As an adaptive, decentralized, and robust system, an ant colony solves the shortest path problem to find sources of food through the use of chemical substances known as pheromones, which have a scent that decays over time through the process of evaporation (Bonabeau, Dorigo, & Thraulaz, 1999). Ants first set out in search of a food source by (apparently randomly) choosing several different paths. Along the way they leave traces of pheromone. Once ants find a food source, they retrace their path back to their colony (and in so doing inform other ants in the colony) by following their scent back to their point of origin. Since many ants go out from their colony in search of food, the ants that return first are presumably those that have found the food source closest to the colony or at least have found a source that is in some way more accessible.

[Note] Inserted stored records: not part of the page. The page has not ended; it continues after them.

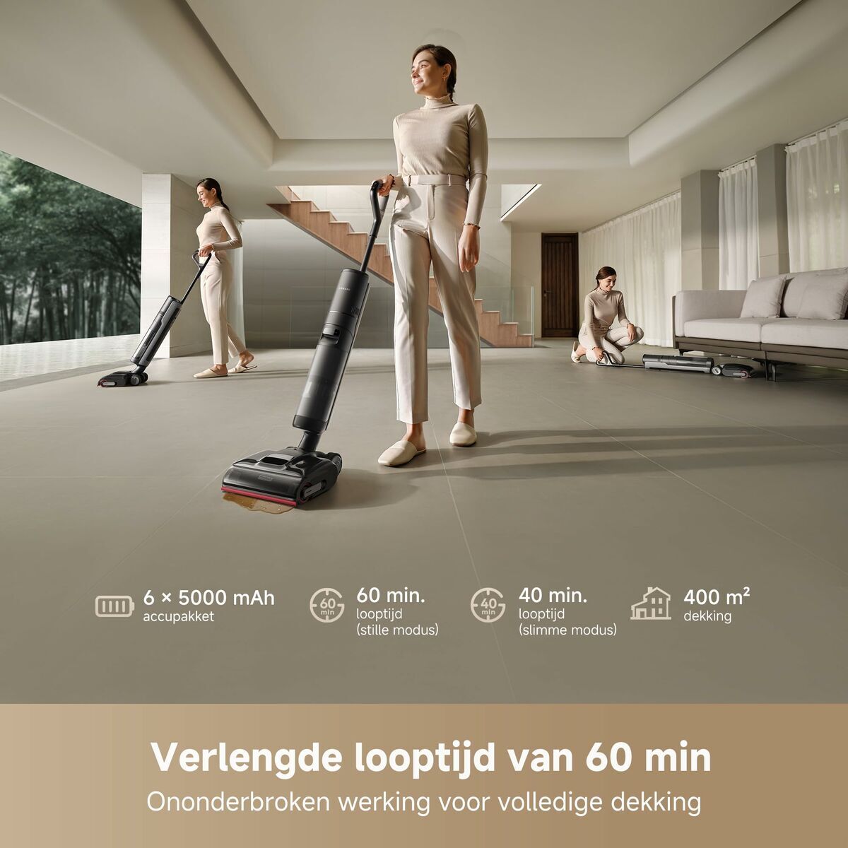 The DREAME H15 Pro Stick Vacuum Cleaner from Dreame is an advanced home cleaning solution that combines cutting-edge technology with a functional design in black. This model features an innovative DescendReach AI robotic arm that enables efficient cleaning by adapting to different surfaces and corners, maximizing coverage. Its suction power reaches 21 kPa, ensuring deep dust and dirt extraction, complemented by an anti-tangle system that prevents hair and fibers from accumulating on the head. The dustbin capacity is 800 ml, enough to extend cleaning sessions without frequent interruptions, while its removable filter allows easy maintenance and prolongs the vacuum’s lifespan. It includes a built-in screen that facilitates monitoring battery life and status during use. The vacuum operates with a rechargeable lithium battery offering approximately 1 hour of autonomy, sufficient for most daily household tasks. Additionally, it features an attractive cleaning system with an immersive brush at 100 °C, a premium function that enhances surface disinfection. Its rectangular design allows ergonomic handling and access to hard-to-reach places, making it a practical and versatile tool for demanding homes. Overall, the DREAME H15 Pro represents an advanced technological option for those seeking to combine power, autonomy, and smart cleaning in a compact, manageable stick vacuum.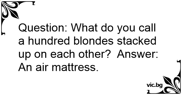 Question: What do you call a hundred blondes stacked up on each other? Answer: An air mattress.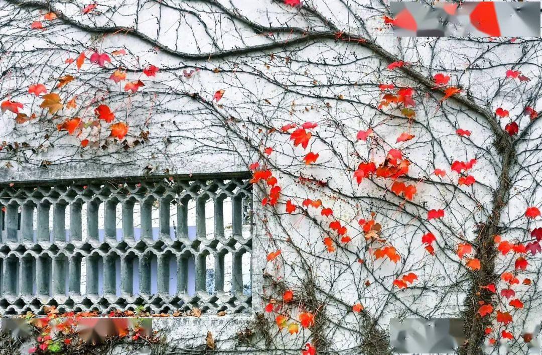 有时是整整的一面的粉墙爬满了红叶,明晃晃地在昭示着这里热烈的秋,古朴的墙。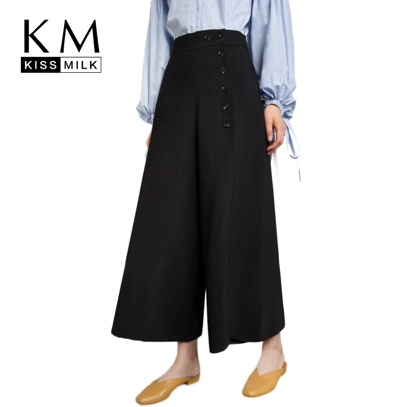 Женские прямые брюки до щиколотки из искусственной кожи с широкими штанинами и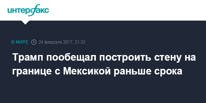 Москва. 24 февраля. INTERFAX.RU - Президент США Дональд Трамп пообещал начать строительство стены на границе с Мексикой раньше срока, то есть до 2019 года, сообщает в субботу Politico.

In this way, an ant colony can identify the shortest or “best” path to the most desirable food source.

Ants simply follow the path that has the strongest pheromone traces, again the one associated with the shortest path. This leads more ants to go along this path that further strengthens the pheromone trail and thereby reinforces the shortest path to the food source – hence is a form of reinforcement learning (Kaelbling, Littman, & Moore, 1996). If, for instance, a shortest path is somehow obstructed, then the second best shortest path will, at some later point in time, attain the strongest pheromone, hence will induce ants to traverse it and thereby will strengthen it. The decay in the pheromone level allows for redundancy and robustness of the emergent solution as well as dynamic adaptation.

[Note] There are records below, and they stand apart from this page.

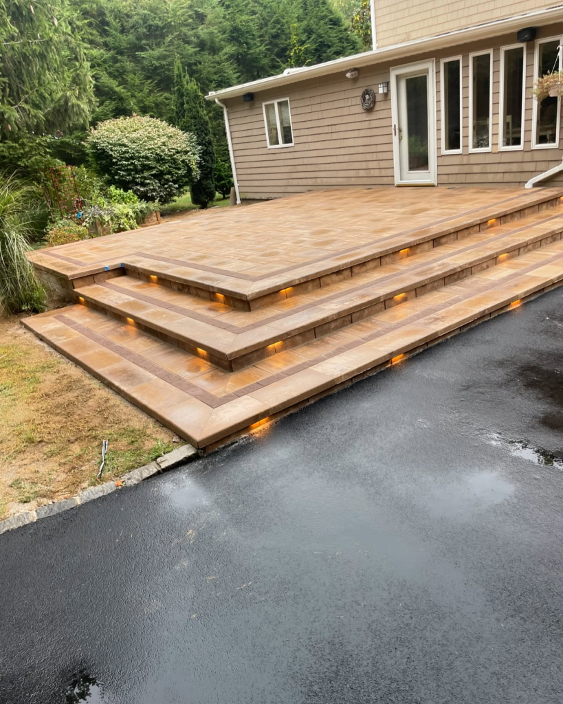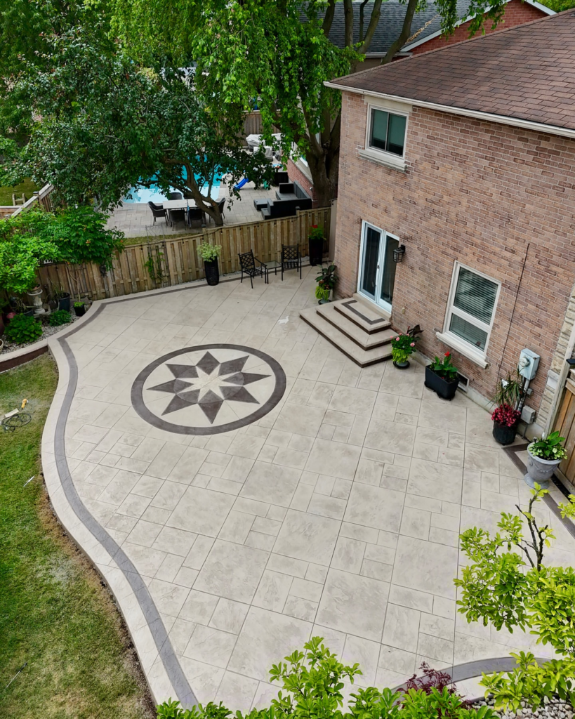 Stamped concrete is one of the most popular ways to elevate a patio without the cost of natural stone or brick. By pressing patterns into wet concrete, contractors can mimic materials like slate, flagstone, or cobblestone.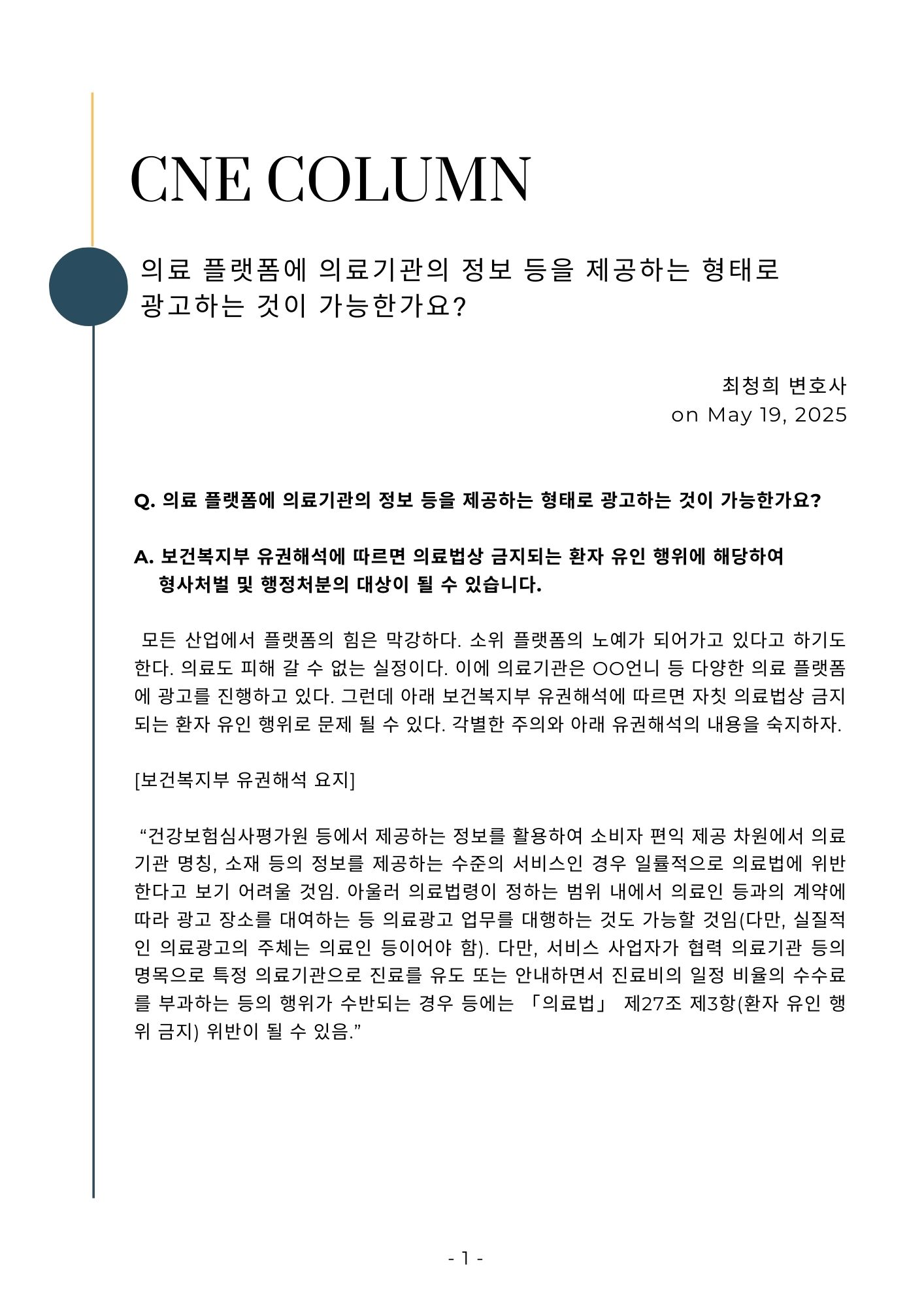 [칼럼] 의료 플랫폼에 의료기관의 정보 등을 제공하는 형태로 광고하는 것이 가능한가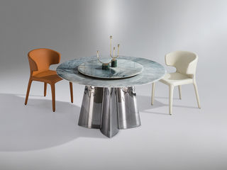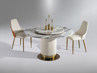梵纳意简 极简 轻奢 电镀不锈钢+贴纸大理石+实木多层板 1.35米餐桌(含转盘)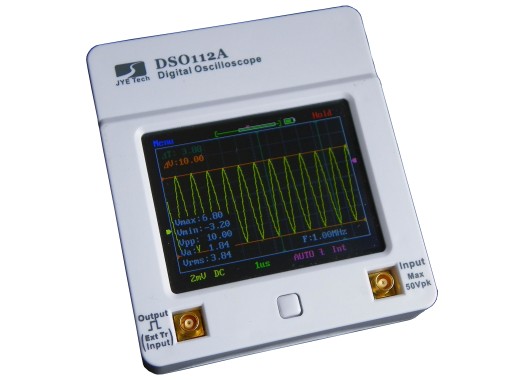 Этот удобный небольшой портативный осциллограф имеет 1 канал и настраиваемый функциональный генератор, а также имеет чрезвычайно низкую цену. Всего за } у вас есть прицел 2 МГц с внутренней батареей и разъемом micro-USB для зарядки. Осциллограф оснащен сенсорным экраном диагональю 2,4 дюйма и разрешением по вертикали 8 бит. Кроме того, прицел имеет выходной сигнал прямоугольной формы с регулируемой частотой. Это устройство также имеет сертификат CE.

Such reinforcement learning methods are known in the SI literature as ant colony optimization (ACO) (Dorigo & Stutzle, 2004), or simply, ant algorithms and have been used to provide heuristics for a number of difficult combinatorial optimization problems such as the Traveling Salesman Problem (Dorigo & Stutzle, 2004), Job-shop Scheduling Problem (Colorni, Dorigo, Maniezzo, & Trubian, 1994), Graph Coloring Problem (Cost & Hertz, 1997), Vehicle Routing Problem (Bullnheimer, Hartl, & Strauss, 1999), and Quadratic Assignment Problem (Maniezzo, 1999). In many cases, ACO algorithms are competitive with, if not superior to, well-established heuristics.

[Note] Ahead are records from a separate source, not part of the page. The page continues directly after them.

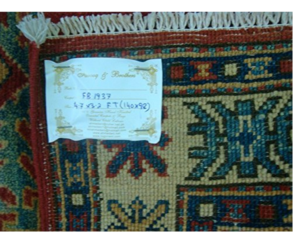 Super Kazak Caucasion Geometric Designed Vegetable Dyed Ghazni Wool Hand Knotted Rug Carpet (4.7 x 3.2)'. Kazak is a modern shape of old Caucasian rugs which strictly adheres to traditional design elements of the Caucasus. It has elements such as the stepped hooked polygons, geometrical medallions and rosettes, presented in more stylized manner and with a new dimension. Natural dyes produce soft luminous shades and abrashes causing a beautiful sheen. Handspun woolen yarn is normally used in the variety of vibrant warm colors. Kazaks rugs in our collection are all fine quality pieces from Afghanistan made with Ghazni handspun wool and natural dyes. It Takes at least 6 months to make a master pcs like this. 100% Genuine Hand Knotted-Rug not hand tufted . 100% Genuine Hand Knotted-Rug not hand tufted.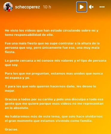 “Para los que preguntan, estamos más unidos que nunca mi esposa y yo. Y para los que solo quieren hacernos daño, les deseo lo mejor. Gracias a todos por su cariño y pido una disculpa a toda esa gente que me quiere porque esos videos no me representan en lo absoluto”, añadió.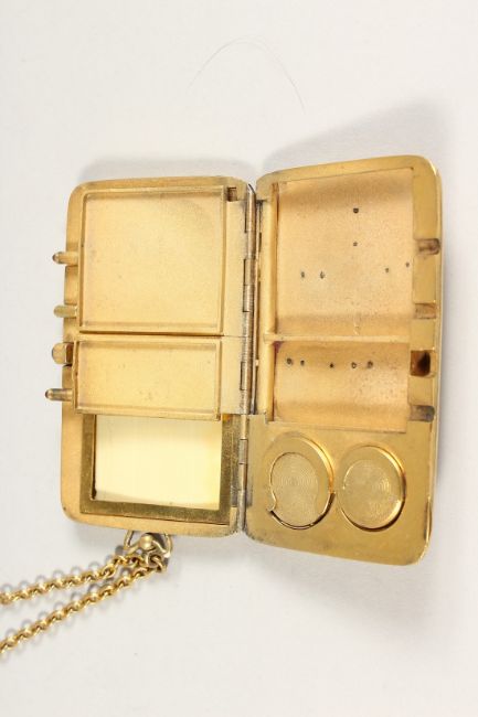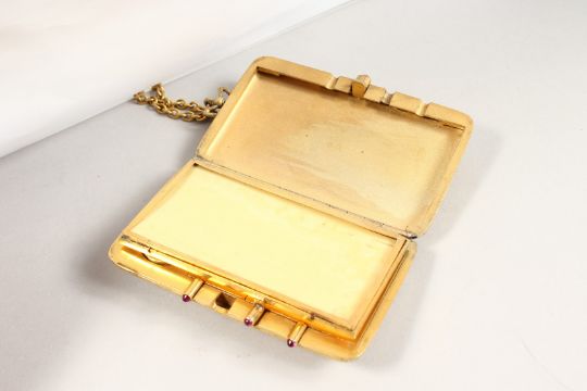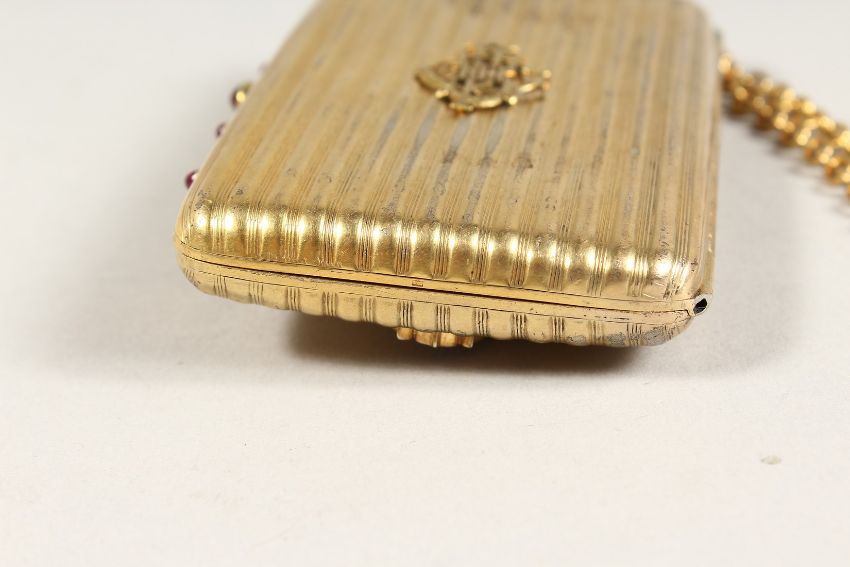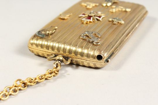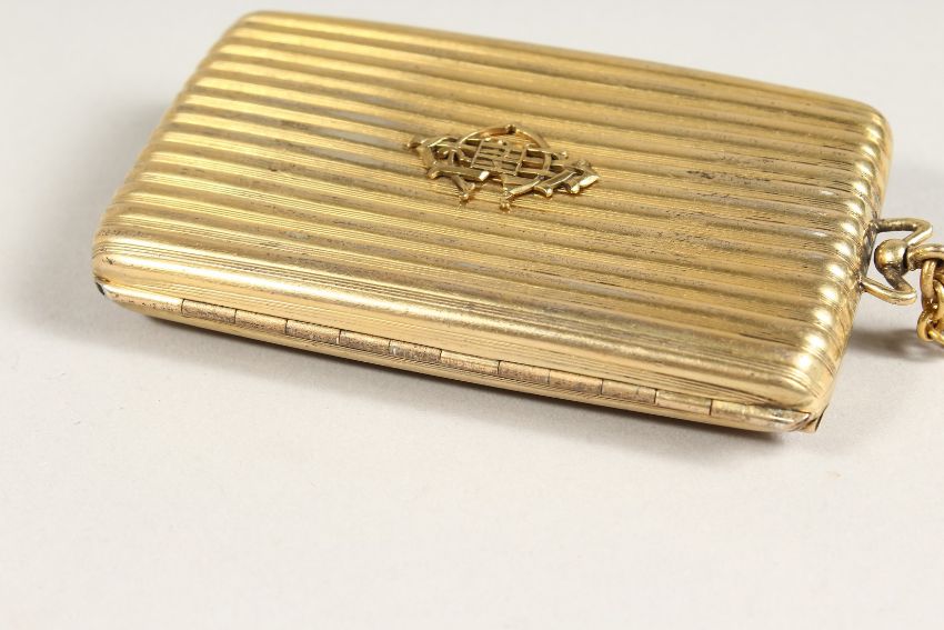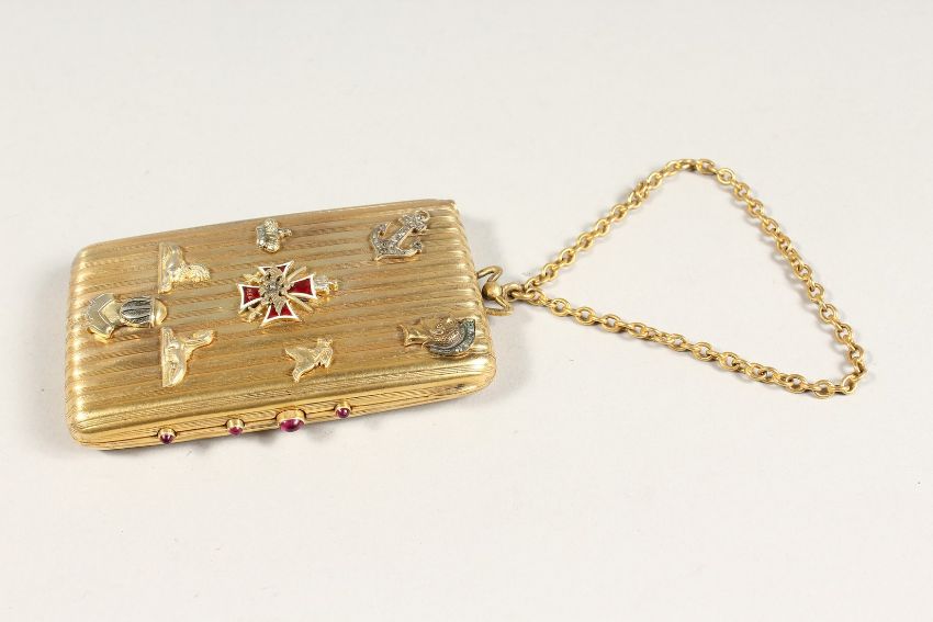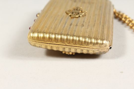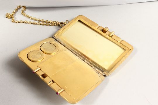 A SUPERB RUSSIAN SILVER GILT CASE with 2 coin holds, compact, etc., mounted with emblems, etc., on a chain.

In the search of food sources, ants and many other insects are not just guided by pheromones, but also attracted by the scent emanated by the food sources (Edmund, Mark, & Ryohei, 1993), as illustrated in Figure 1. The food scent increases relatively, as insects approach the food source, and it exhibits a decreasing gradient as they move farther away from it. In particular, insects wander until they pick up the slightest hint of this scent, and then very quickly follow the scent gradient toward the source. This scent-based mechanism is intended to interact with and enhance any of the ACO algorithms, which typically use only pheromones.

Figure 1.

Food (destination) scent attracts ants (ant packets)

The use of pheromones along with food scent forms the basis of what amounts to a clever information storage and retrieval system. The fact that pheromone and food scent strengths or intensities decay over time suggest that they are very simple information processing mechanisms that can also implement a form of positive and negative feedback. This “processing” capability is illustrated in the simplicity of how ants utilize and respond to pheromones and food scent.